Projects
Beauty, Cosmetics, and the Making of the Sinophone in the Twentieth-century
Dr. Elizabeth LaCouture
Awarded three-year General Research Grant (GRF) by the Hong Kong Research Grant Council (RGC)
This research project explores the history of beauty and cosmetics in Chinese communities across Asia. It aims to transform how we understand the trans-regional and global contexts of modern Chinese history. During the twentieth-century, the reproduction and circulation of visual and material culture related to beauty expanded the geographic reach of shared beauty ideals, while also bringing people closer together. Technologies of photographic and cinematic reproduction, along with mass-produced branded commodities traveled along steam shipping, and later air, routes creating a time-space compression. Images and goods could travel widely, expanding space, but they also traveled more quickly allowing consumers to feel as though they were sharing the same time and space as people far away. Thus, did print culture and mass-produced cosmetics forge an “imagined community”? I hypothesize that the global and regional circulations of print culture and commodities related to beauty and cosmetics did not expand the boundaries of the Chinese nation, but instead forged a female Chinese trans-regional community as an alternative to the Chinese nation-state in which a woman living in British colonized Singapore shared Chinese beauty ideals with her counterpart in Japanese colonized Taipei even if they did not identify as citizens or members of the Chinese nation-state. Thus, through examining the history of how Chinese female identity was forged in and outside of mainland China during the twentieth-century, this project aims to contribute to understandings of Chinese identity-formation that continue to shape the Sinophone region today.
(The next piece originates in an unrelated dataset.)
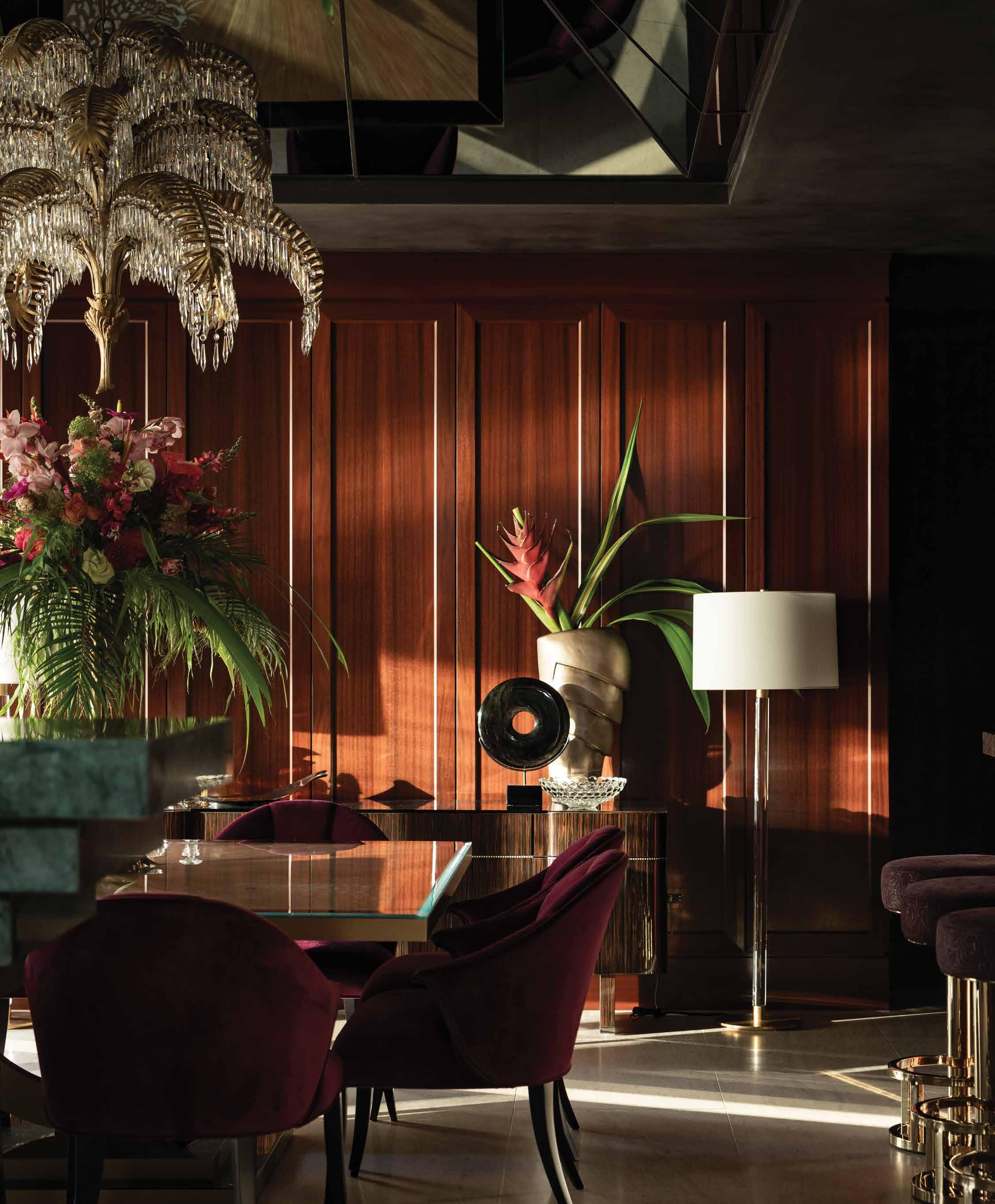 more than actual Art Deco,” Maynard notes. “I was inspired by old-school Miami Beach buildings and the black, green and gold of the Carbide & Carbon building in Chicago,” he says, referencing the tower on Michigan Avenue designed in the 1920s by the Burnham Brothers.

Queer Feminisms, the Everyday, and the Rise of Women Writers in Contemporary Japan
Dr. Grace En-Yi Ting
Awarded two-year Early Career Scheme grant (ECS) by the Hong Kong Research Grant Council (RGC)
Funded by the Early Career Scheme, Dr. Grace En-Yi Ting’s project draws upon Anglo-American queer and feminist theories of affect to examine representations of the everyday in post-1980’s fiction by Japanese women writers. The project will not only question common assumptions concerning boundaries between “queerness” and normativity but also fill a major gap in scholarship on female homosociality and homoeroticism in Japanese literary studies.